HTTP Signature: The HTTP Signature technique involves analyzing HTTP headers and other request attributes to create a unique signature for each client. This method is particularly useful for identifying and managing bot traffic, as it can detect inconsistencies between the HTTP signature and the claimed user-agent.
ClientHello fingerprint (v1 & v2): The ClientHello fingerprint technique involves analyzing the ClientHello message during the TLS handshake. This message contains various parameters, such as cipher suites, extensions, and supported groups, which can be used to create a unique fingerprint for each client. The first version of ClientHello fingerprint was introduced as part of Cloudflare's broader TLS fingerprinting efforts, with subsequent improvements leading to version 2. These fingerprints help in identifying the client software and its configuration, providing a static identifier that can be used to detect anomalies and potential threats.
HTTP/2 fingerprint: HTTP/2 fingerprinting focuses on the unique characteristics of the HTTP/2 protocol, such as the settings frame, stream priority information, and the order of pseudo-header fields.
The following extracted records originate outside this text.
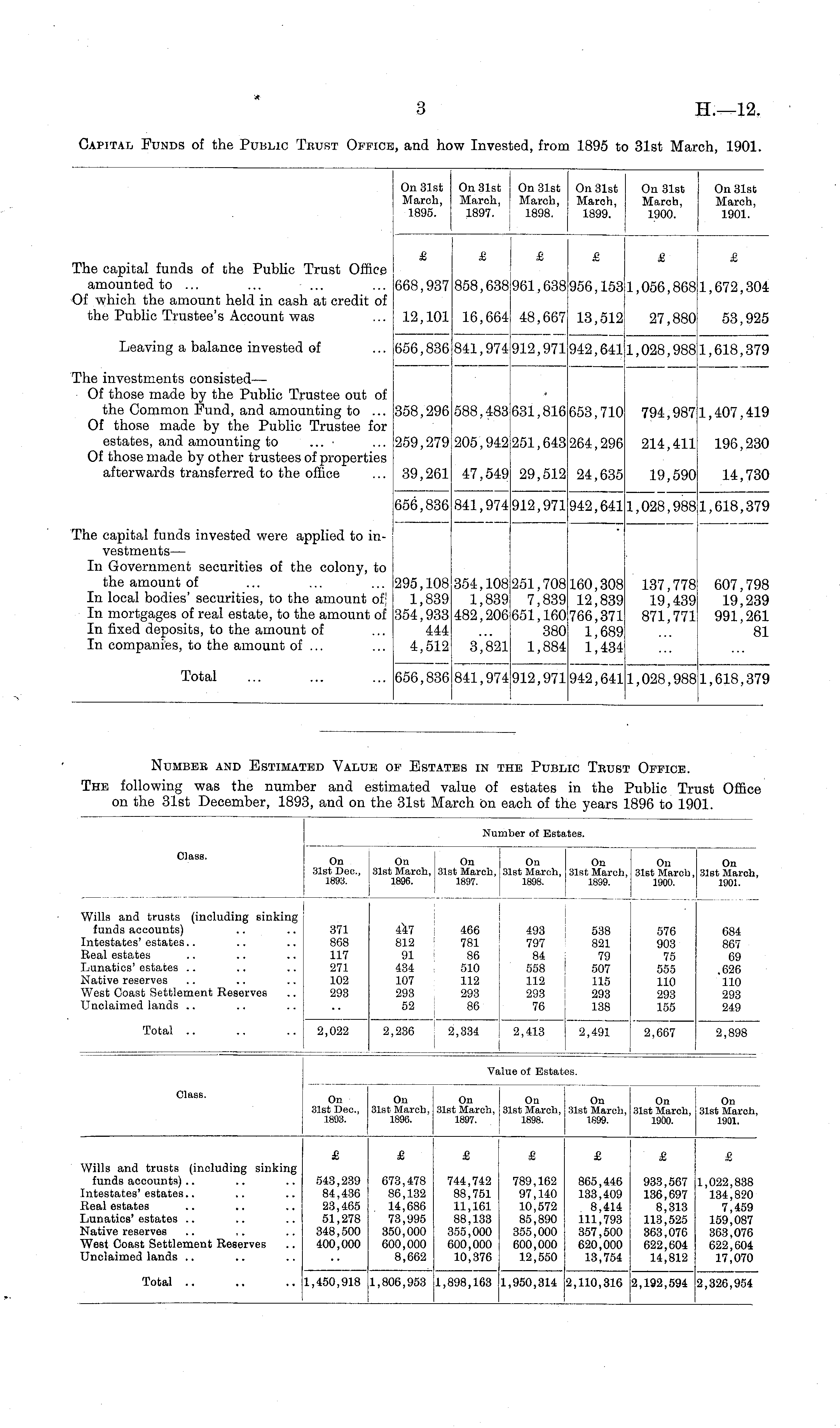 Number and Estimated Value of Estates in the Public Trust Office. The following was the number and estimated value of estates in the Public Trust Office on the 31st December, 1893, and on the 31st March on each of the years 1896 to 1901.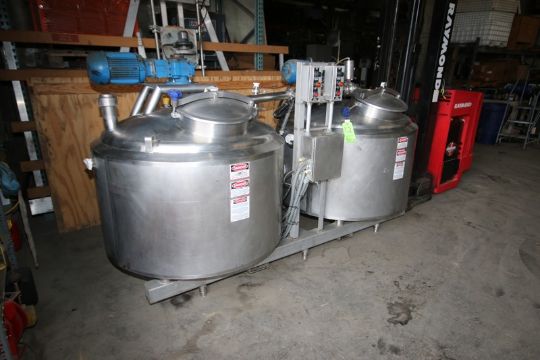 DCI Dual 150 Gal. S/S Slurry Tank System, S/N MS53-2 & MS 53-1, Mounted on S/S Skid, with 3 hp Top Mounted Agitation Motors (LOCATED IN FT. WORTH, TX)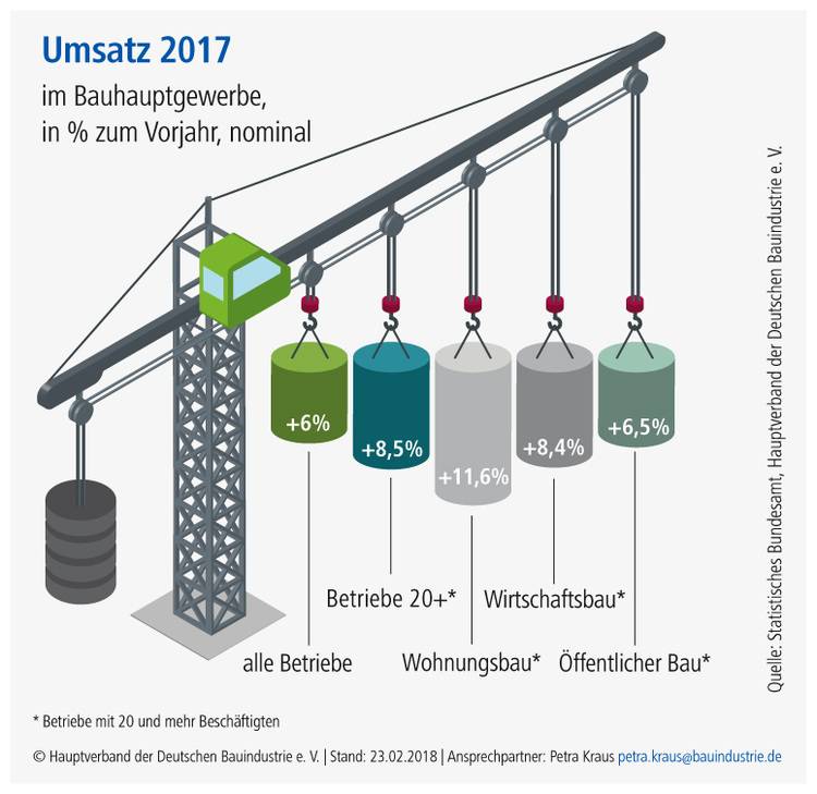 Das deutsche Bauhauptgewerbe schließt das Baujahr 2017 mit einem Umsatzplus von nominal 6,0 % ab (real: + 2,7 %). Damit übertrifft das Jahresergebnis die Verbandsprognose von + 5 %. Die Branche erwirtschaftete einen baugewerblichen Umsatz von 114 Mrd. Euro. Dies teilte der Hauptverband der Deutschen Bauindustrie (HDB) mit. Die größeren Baubetriebe mit 20 und mehr Beschäftigten meldeten sogar ein Umsatzplus von 8,5 % (real: + 5,1 %). Von der guten Baukonjunktur haben 2017 somit die größeren Betriebe überdurchschnittlich profitiert. Der Hauptverband führt dies darauf zurück, dass der Konjunkturaufschwung vor allem vom Neubau getragen wird, kleinere Unternehmen aber eher bei Baumaßnahmen im Bestand gefragt sind. Hinzu kommt, dass die Kleinbetriebe mit 1 bis 19 Beschäftigten stärker von personellen Kapazitätsengpässen betroffen sind.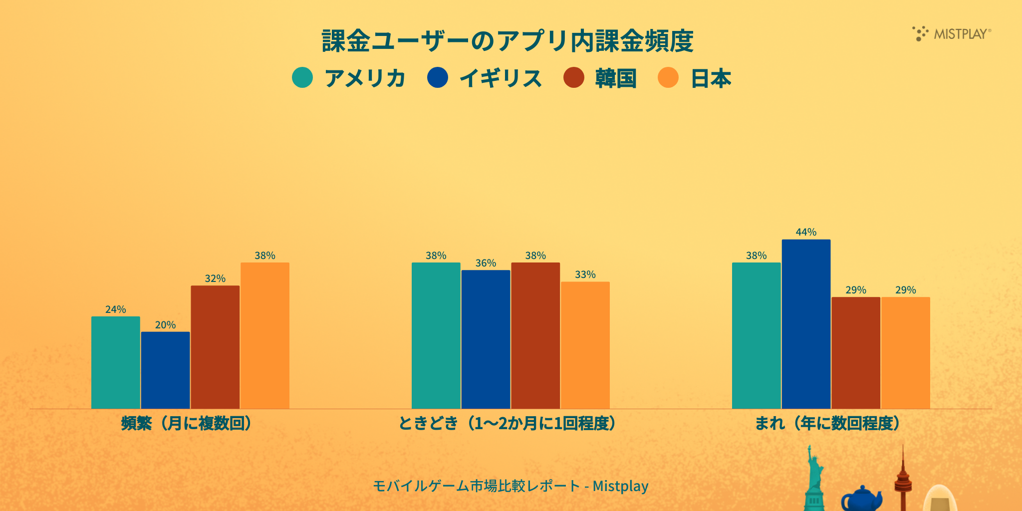 欧米では、大半のプレイヤー(アメリカ:63%、イギリス:62%)が週に4本以上のモバイルゲームを遊んでしており、より幅広くさまざまなゲームを試したいという“探索型”の傾向が見られます。
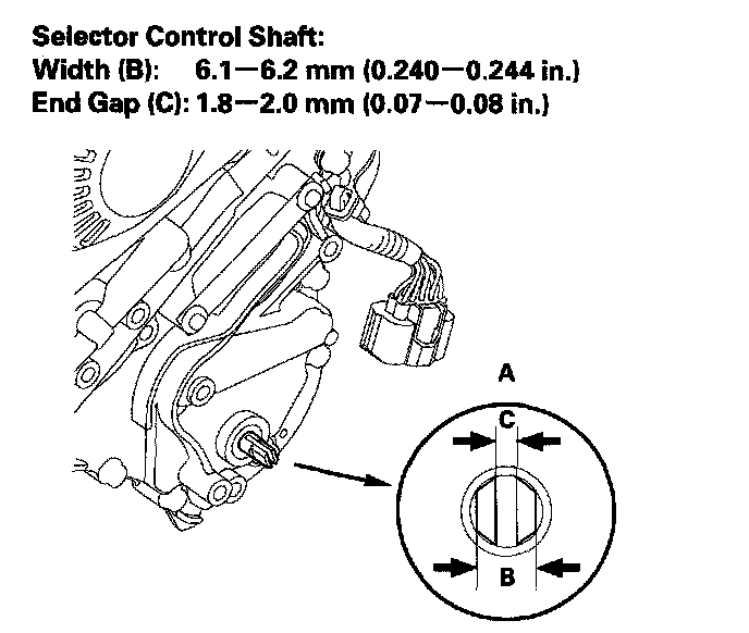 11. If the measurement of the selector control shaft end is within the standard, replace the transmission range switch. If the measurement is out of the standard, repair the selector control shaft end, and recheck the transmission range switch continuity.

Supported by all major browsers, this method was introduced to leverage the protocol's binary framing layer, which provides a rich set of attributes for creating unique client fingerprints.
HTTP/3 and QUIC fingerprints: As HTTP/3 and the QUIC protocol gain popularity, Cloudflare has developed fingerprinting techniques tailored to these advanced protocols. Running over QUIC, HTTP/3 uses UDP and introduces unique handshake mechanisms, distinct from TCP-based protocols. Cloudflare’s techniques focus on specific attributes like QUIC version and transport parameters to generate precise fingerprints. These are vital for managing and identifying traffic, particularly in environments that heavily use Google products.
JA3 fingerprint: This TLS fingerprinting technique, introduced by Salesforce researchers in 2017 and later adopted by Cloudflare, involves creating a hash of the TLS ClientHello message. This hash includes the ordered list of TLS cipher suites, extensions, and other parameters, providing a unique identifier for each client. While JA3 is broadly utilized for detecting malicious activity and pinpointing specific client software, it shares similarities with Cloudflare's proprietary ClientHello fingerprints (v1 & v2). However, the latter distinguish themselves by utilizing different components of the ClientHello message and employing alternative encoding schemes.
These fingerprinting techniques power Cloudflare's Heuristic engine and machine learning models, both of which compute a Bot Score. This score assesses the likelihood — on a scale from 0 to 100 — of whether a request originated from an automated program (low score) or a human (high score). Additionally, these models leverage aggregated traffic statistics from all fingerprint types, and other dimensions, and integrate features throughout the OSI model's layers (L1 to L7), enabling them to analyze every request for all customers. They provide sophisticated, real-time security analysis with inferences delivered at microsecond latency, providing prompt and precise responses to potential threats.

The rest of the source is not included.